Regardless of who is coaching, there is young talent in the building that is impressionable and needs to be shown how to handle adversity and be professionals the right way. The organization would do those players and Gruden right by leading with conviction and not through the cowardice of not facing the media… especially since it is from the press that the fan base gets its daily information. The Redskins have always been the first to lead the media rush but the last to handle it with class.

The team’s PR department is not to be faulted. It is the folks within it that are tasked with doing a job that, again, is handed down from the top. The access that has been given to the media is far greater than it was in previous seasons and the working relationship with the PR department is at an all-time high.

Having one of the top fan bases in sports is not enough anymore. That same fan base is telling the team to fix their transgressions or continue to watch declining interest and plummeting ticket purchases. The Redskins are not the only team in town anymore with a faithful group. The Capitals are Stanley Cup champions and are starting to rev-up their engine again for perhaps back-to-back title runs. The Nationals have been a playoff contender for most of the last five seasons. The Wizards, despite their weak start to the season, are a playoff contender by default in the top-heavy NBA Eastern Conference. Even the D.C. United has growing interest with a newly-minted state-of-the-art facility.
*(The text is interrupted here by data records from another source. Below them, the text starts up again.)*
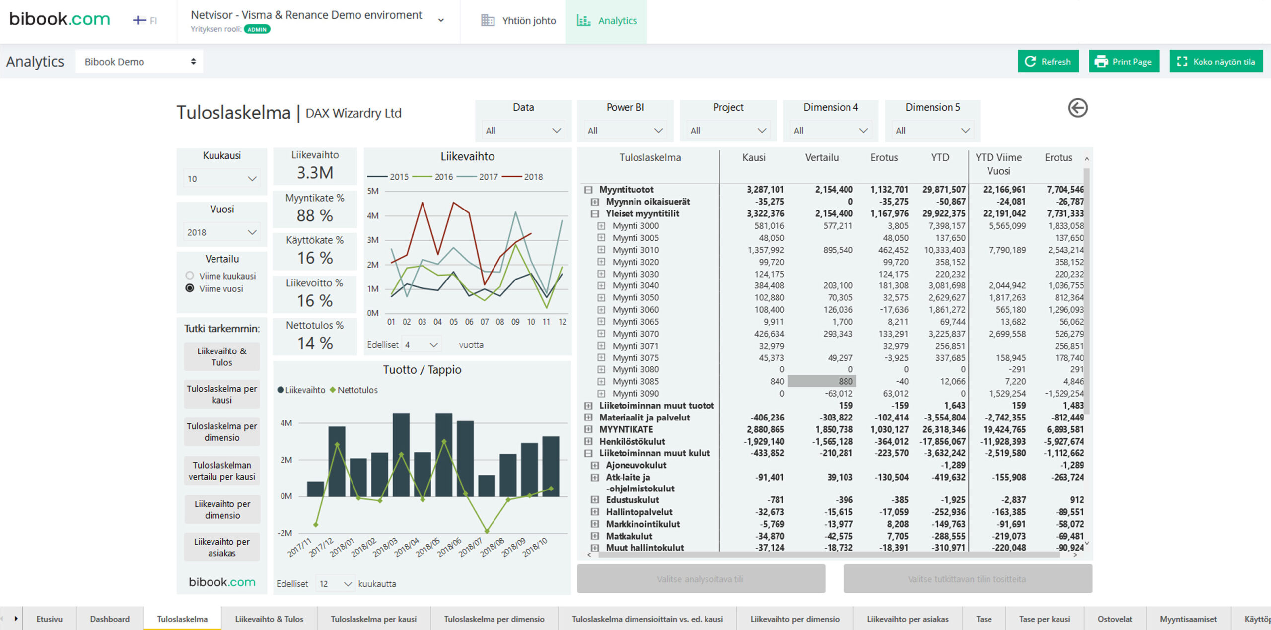 BI-rapporter er visninger i Business Intelligence-systemene, der du enkelt kan dele forretningsdata med andre brukere. Ved hjelp av rapportvisninger kan de økonomiske nøkkeltallene presenteres på en lettfattelig måte. Visningene er interaktive og brukeren kan filtrere og endre analysemetoden selv med bare ett klikk.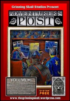 Grinning Skull Studios proudly present the first volume in our new title range¸ The Adventurer's Post. Part Printable Prop¸ part Adventure module collection. Containing five linked mini adventures complete with accompanying print out props¸ maps¸ notices and adventure location details. All these linked by the idea of the Job post board in the local tavern or square that players look at when finding new quests and ways for making money! With this being a new range¸ please if you don't mind¸ feel free to give as much feedback as you can¸ so that we can keep on improving and expanding this range for future installments!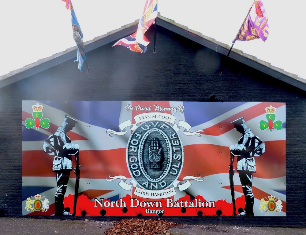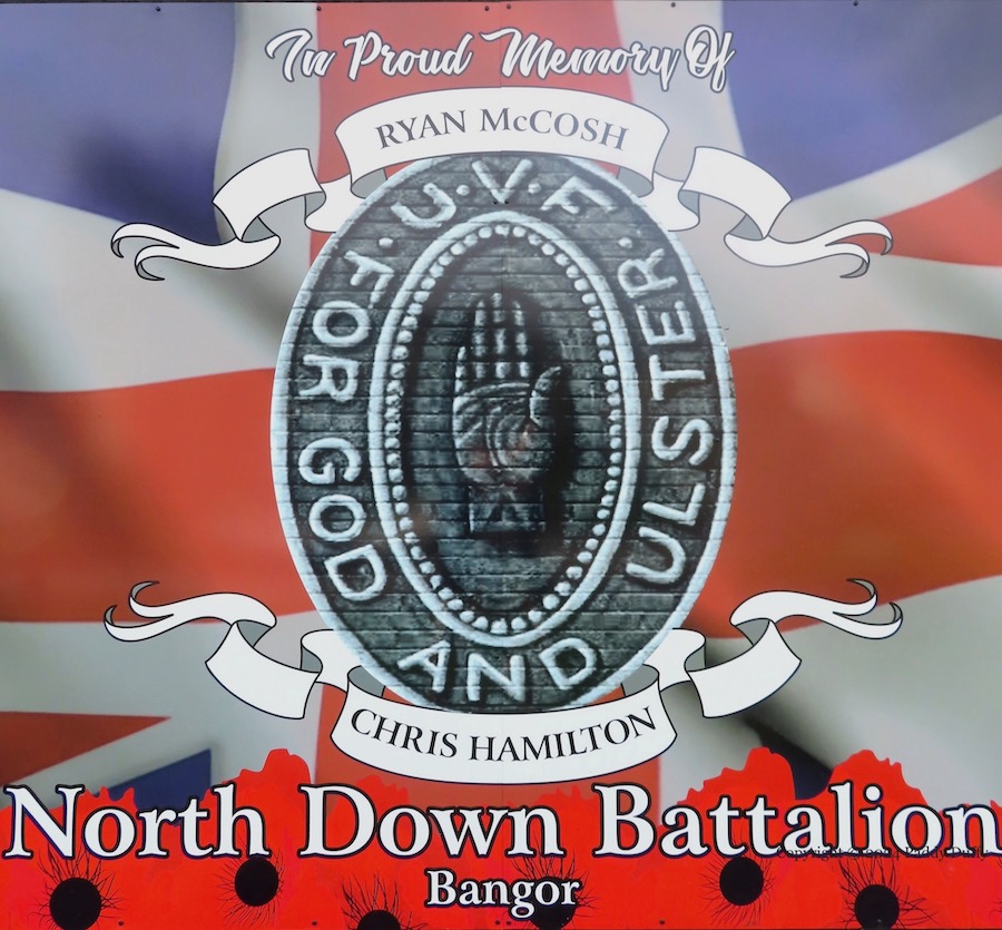 Here are two boards from Ballymacash celebrating the union with Britain and the centenary of Northern Ireland. The pair mark the western (above) and eastern (below) entrances to the estate (along with Loyalist Ballymacash). The estate is known for its large bonfire (see e.g. these images from 2018).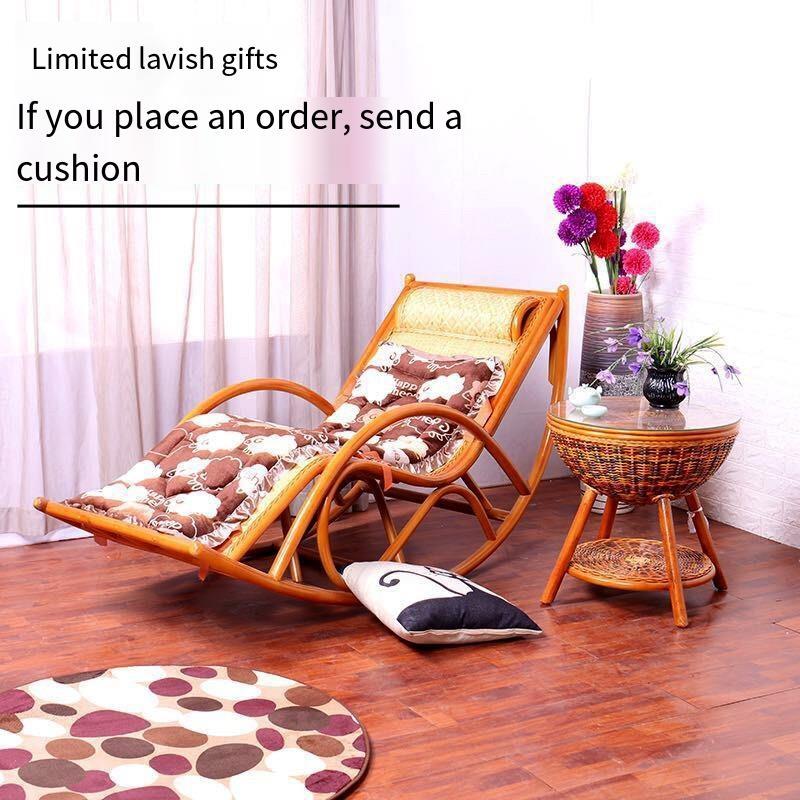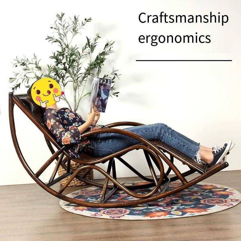 Rattan Chair Rocking Adult Leisure Reclining Lunch Break Lazy Family Balcony Outdoor Nap Rocking Cool Chair Natural Hand Tea Table Ventilation Vertical Clause (grapefruit Black)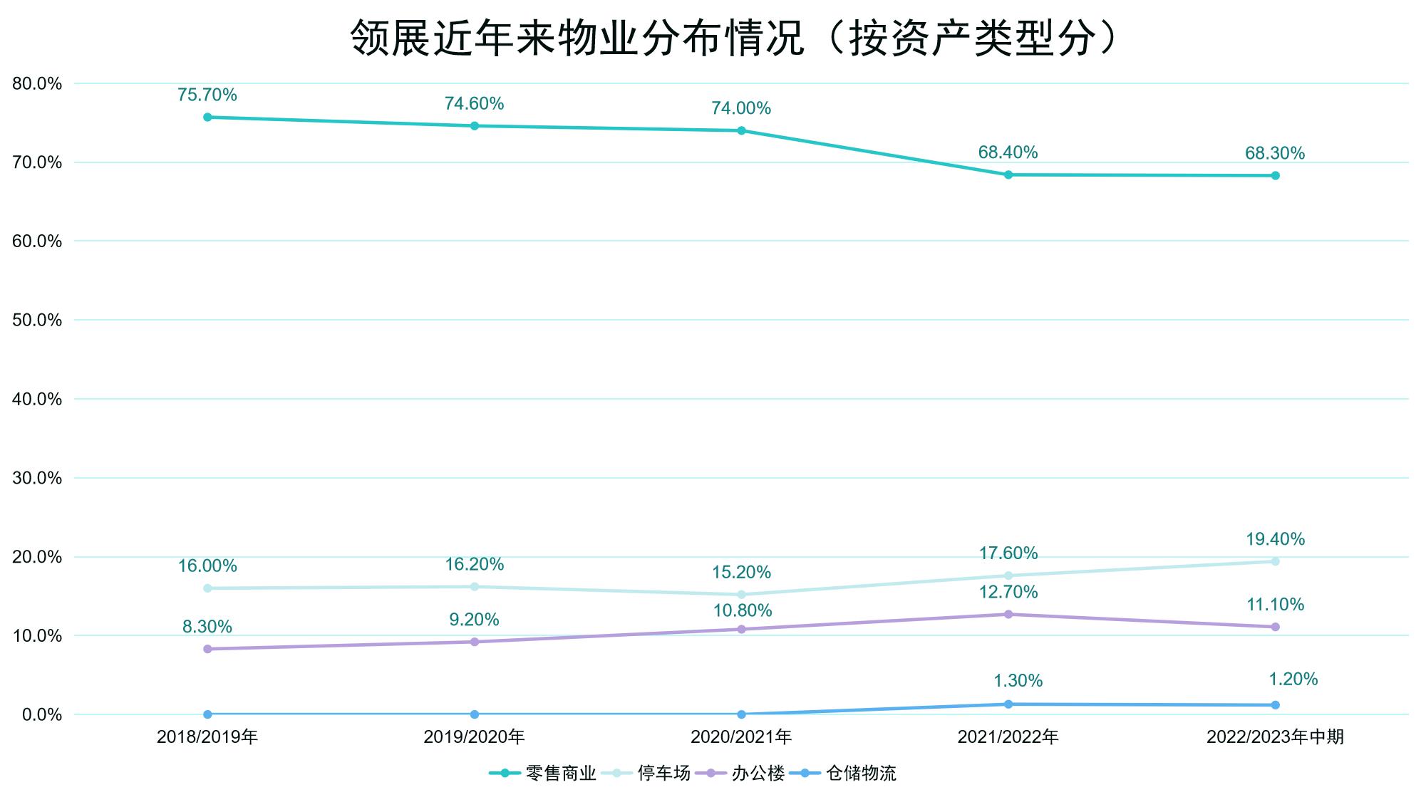 截至2022年9月30日,按資產(chǎn)估值2340億港元計(jì)算,從物業(yè)資產(chǎn)類型上看,領(lǐng)展資產(chǎn)總價(jià)值68.3%貢獻(xiàn)自零售物業(yè)、19.4%為停車場(chǎng)、11.1%來(lái)自寫字樓、1.2%來(lái)自物流地產(chǎn)。

The time is now for the Redskins to finally do right by their loyal fans. The front office needs to make sound decisions and changes to what has become a failed product going forward. The issues need to be fixed now and not by someone simply with a recognizable last name. They should be addressed by people hired for their body of work which will indicate that they are more than qualified to lead one of sports’ most historical outlets.